--- SUPPLIED MATERIAL Enclosed Below ---

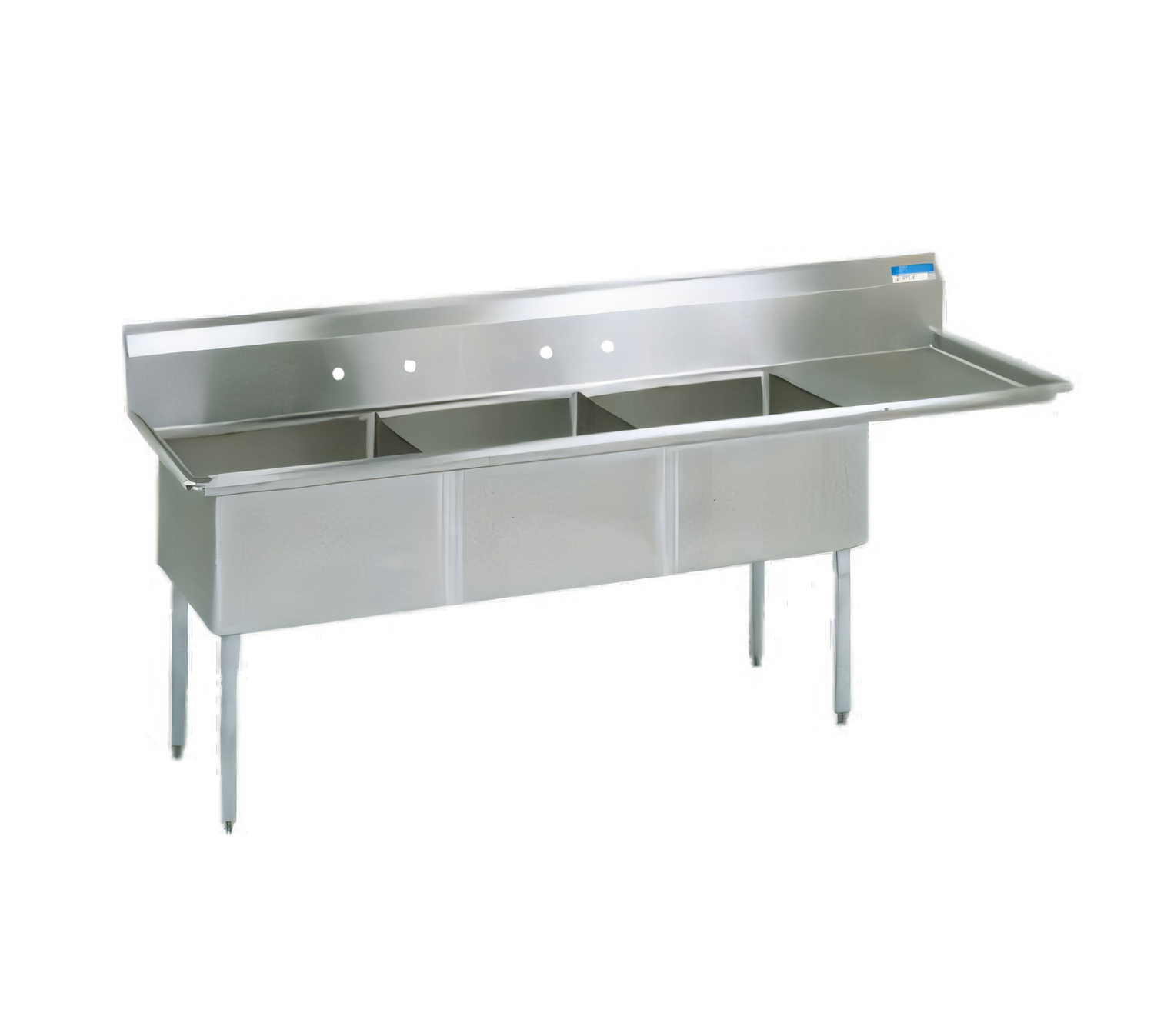 Model BKS-3-24-14-24RS/S legs & bracing • NSF CertifiedEngineered for demanding commercial kitchens, this 98-1/2 inch BK Resources sink delivers a full wash-rinse-sanitize workflow plus a generous 24 inch right-hand drainboard—all in one rugged, NSF-listed unit.
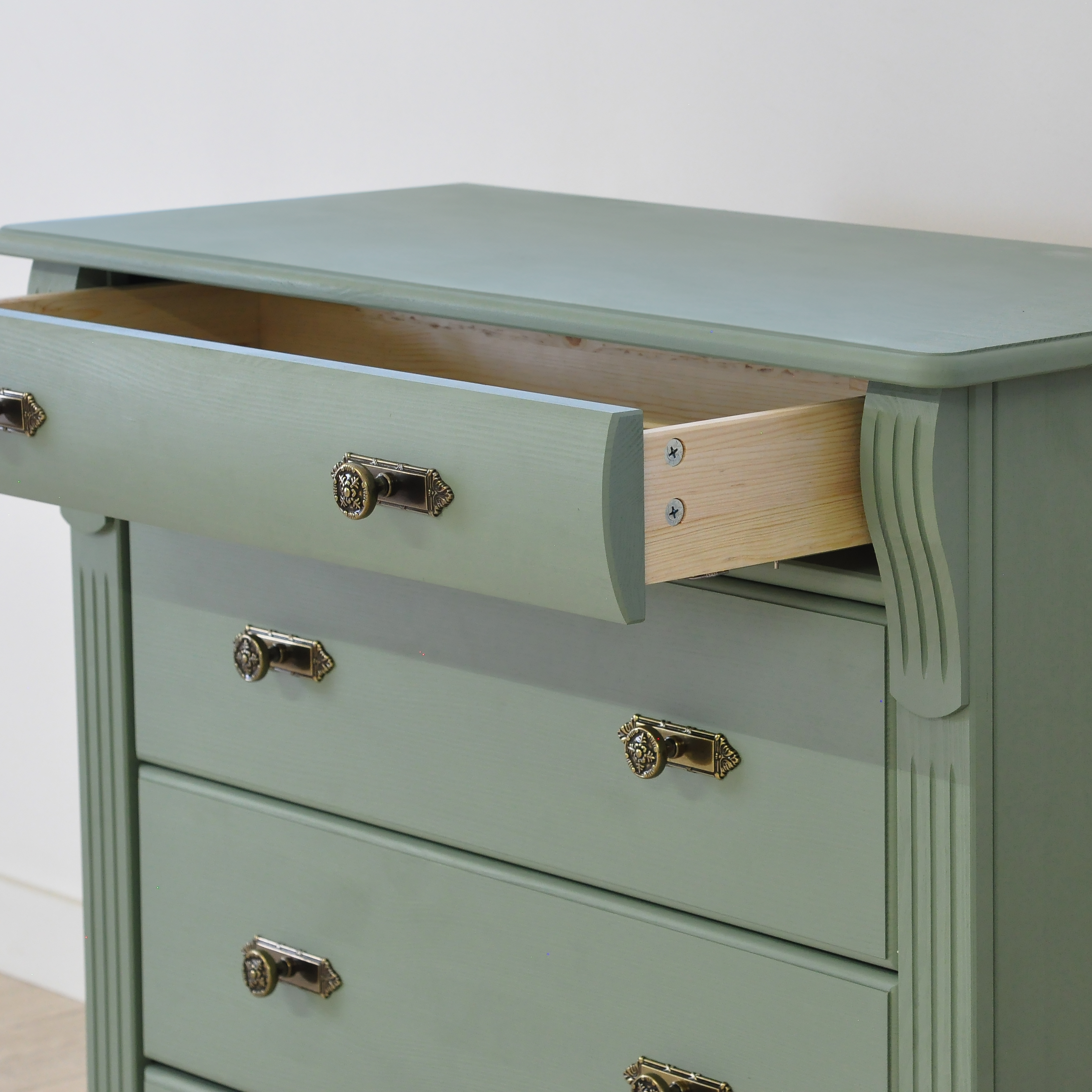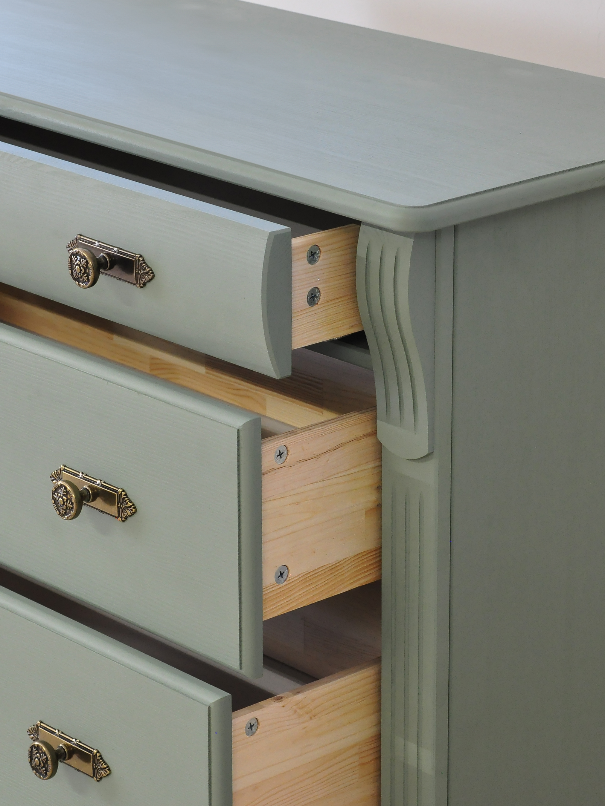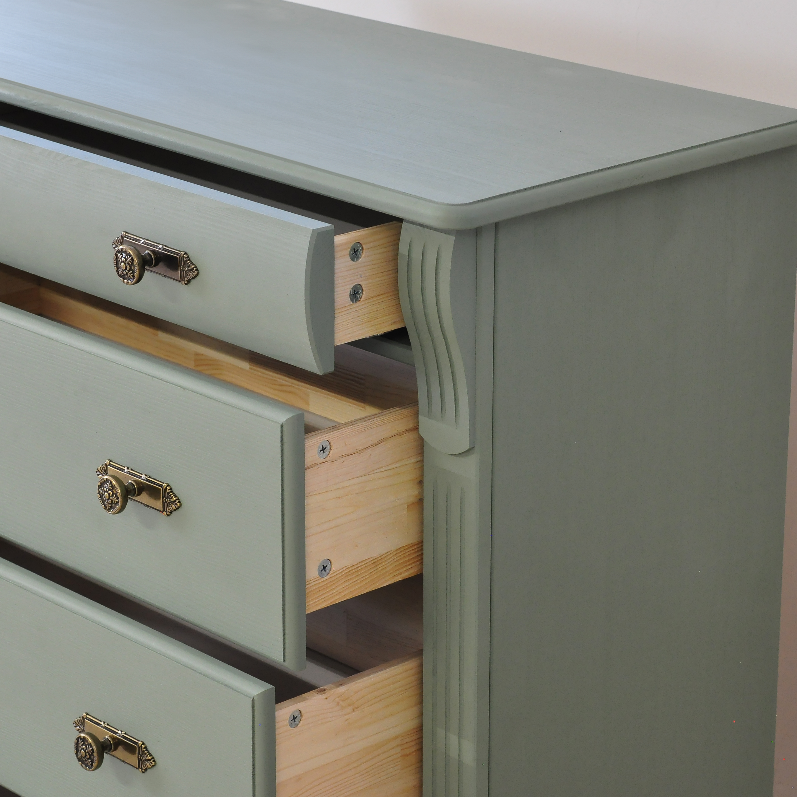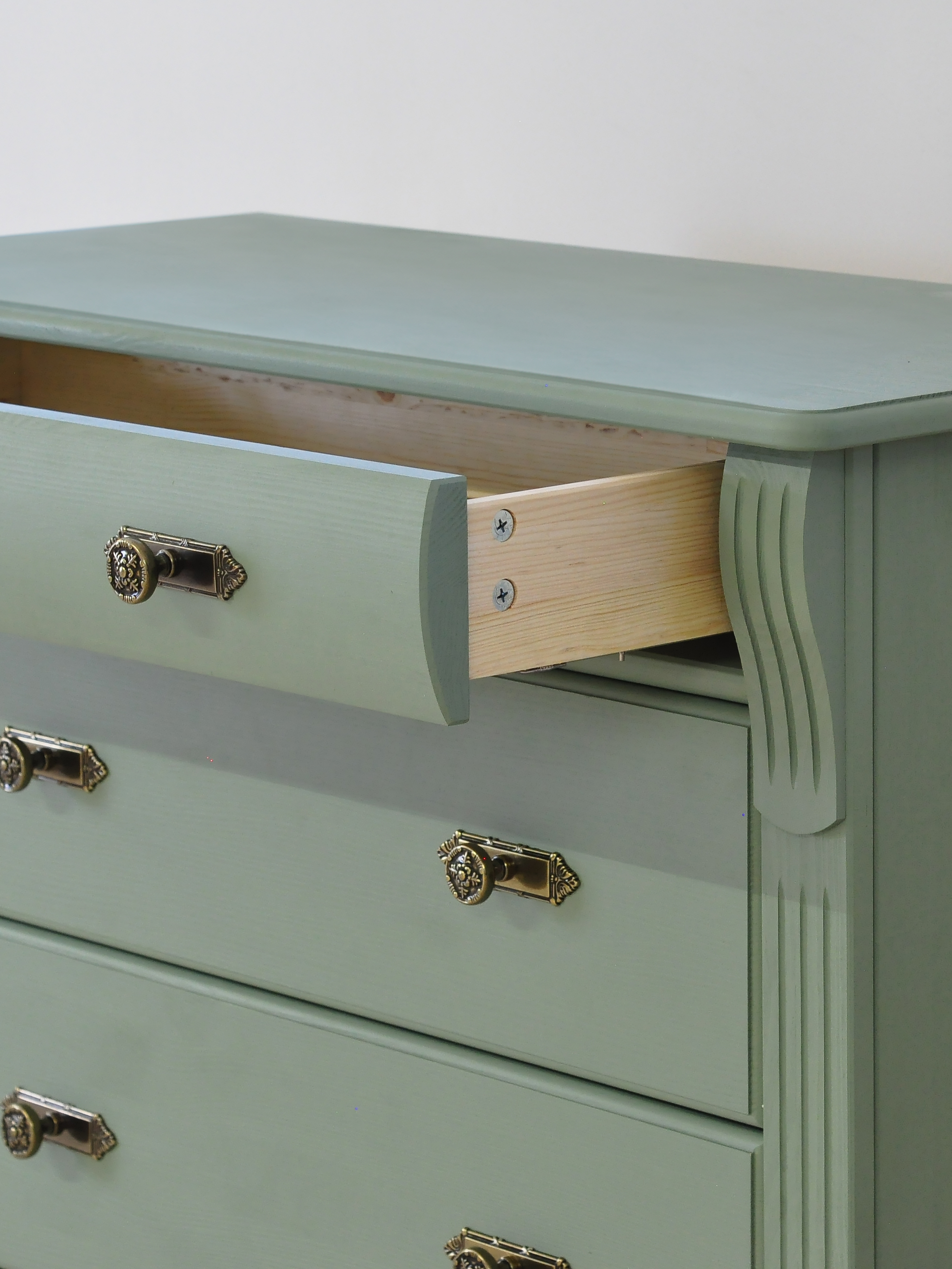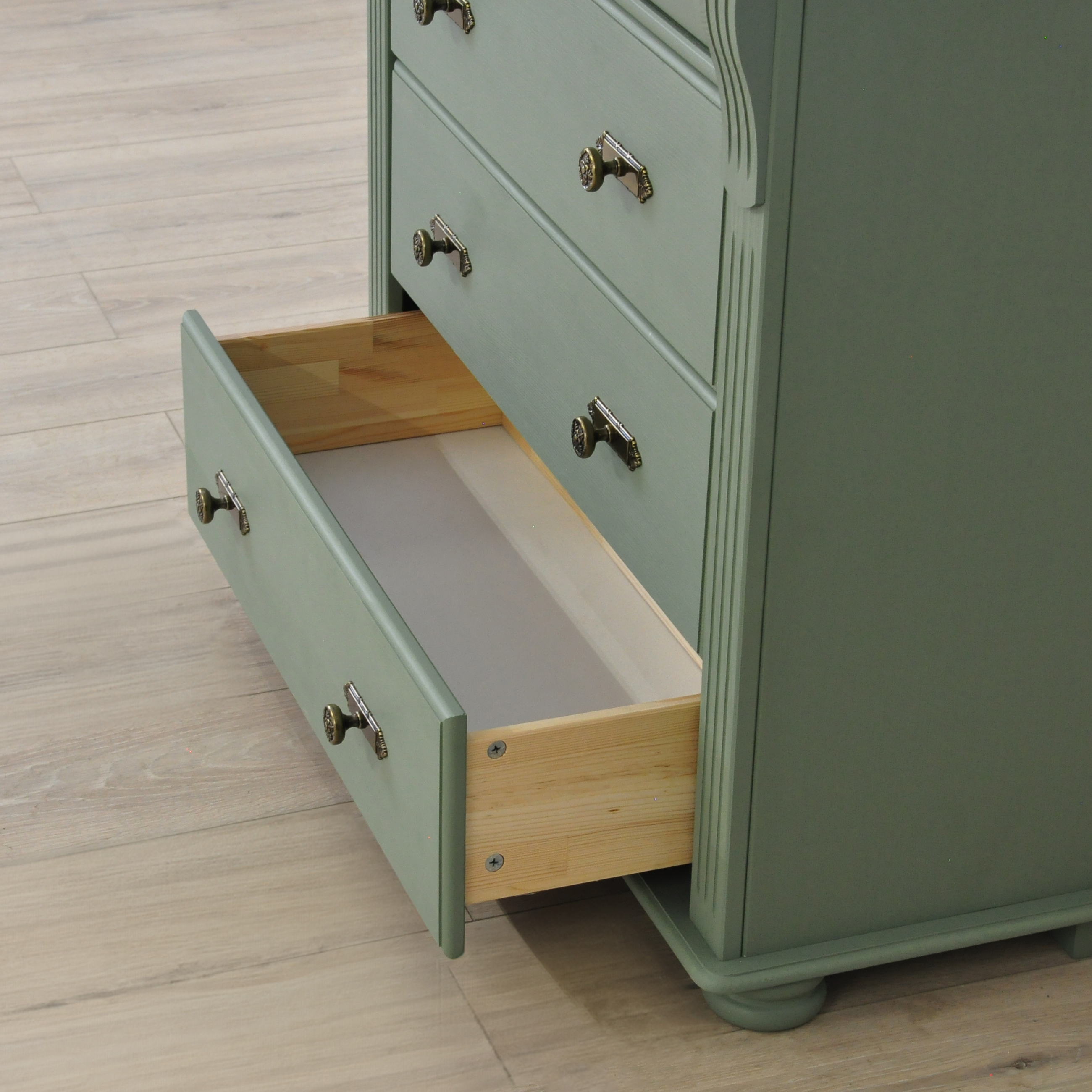 Зеленый комод Сюзанна с 4 ящиками привнесет нотки элегантности классического стиля и домашнего уюта в Ваше пространство.
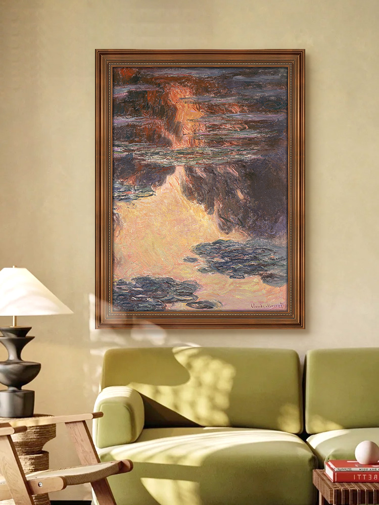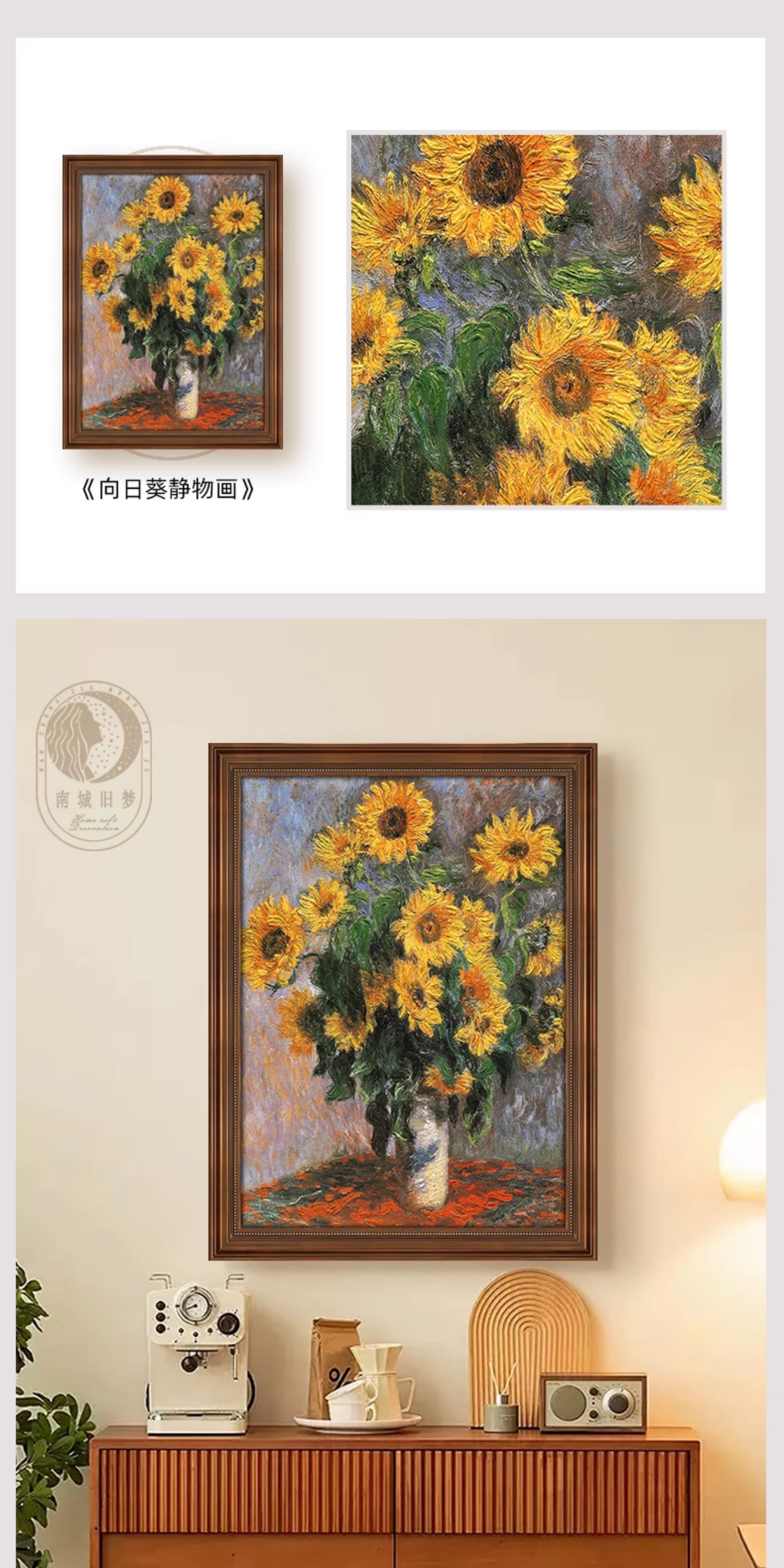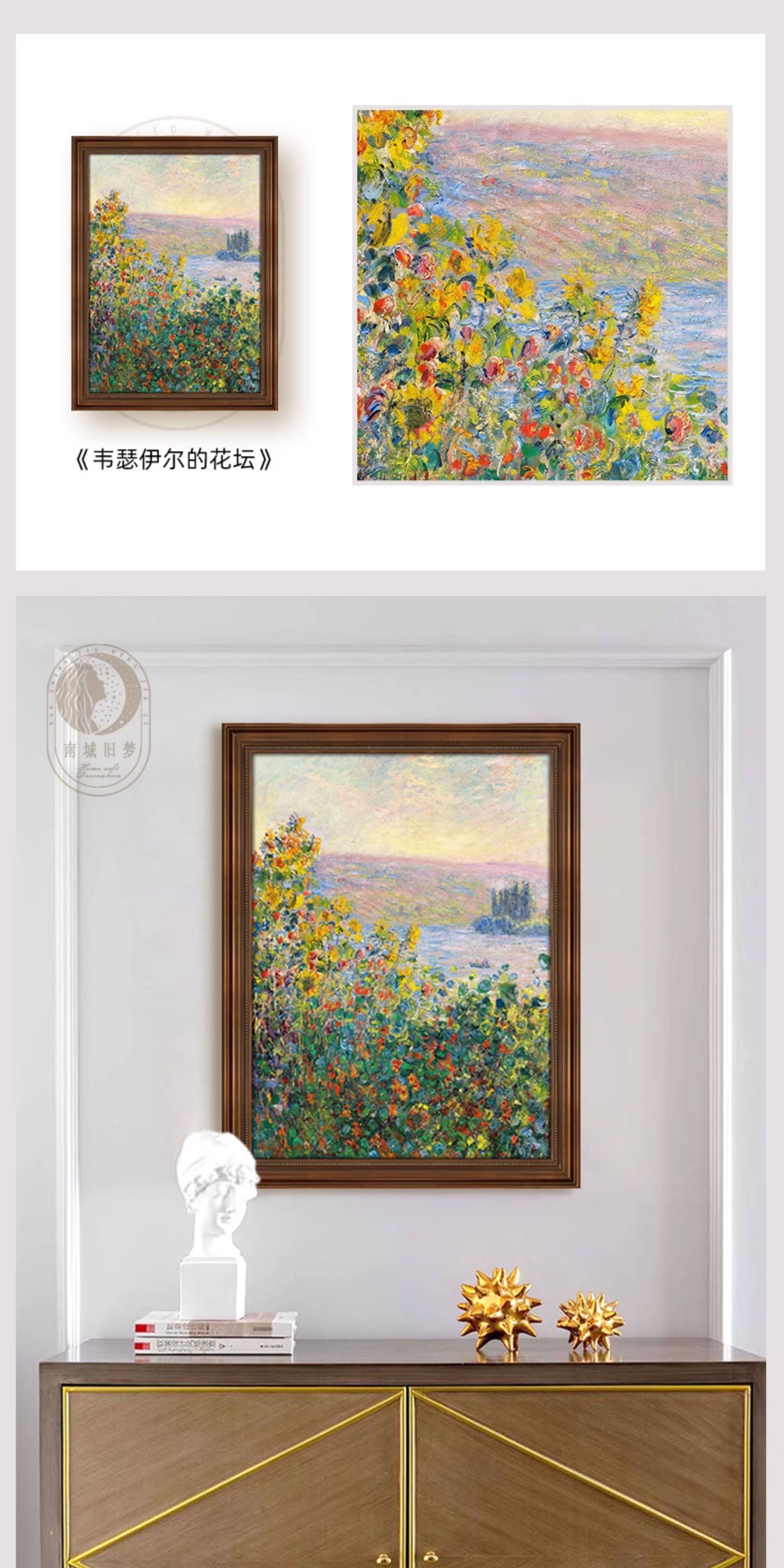 莫奈睡莲油画装饰画美式复古挂画日出印象客厅玄关组合画世界名画
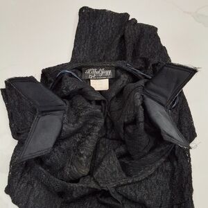 ~Long black lace dress, from the brand All that Jazz, sold at sears in the 90s, known for its affordable, trendy women's fashion. Featuring black buttons going up the front, and a ruffle collar neckline. This item is made from a Nylon and Rayon blend.

--- End of Enclosed SUPPLIED MATERIAL ---

What the answer must hold is the exact text of every line from the one containing "Зеленый комод Сюзанна" through the end of the data, minus any pictures.

 Зеленый комод Сюзанна с 4 ящиками привнесет нотки элегантности классического стиля и домашнего уюта в Ваше пространство.
 莫奈睡莲油画装饰画美式复古挂画日出印象客厅玄关组合画世界名画
 ~Long black lace dress, from the brand All that Jazz, sold at sears in the 90s, known for its affordable, trendy women's fashion. Featuring black buttons going up the front, and a ruffle collar neckline. This item is made from a Nylon and Rayon blend.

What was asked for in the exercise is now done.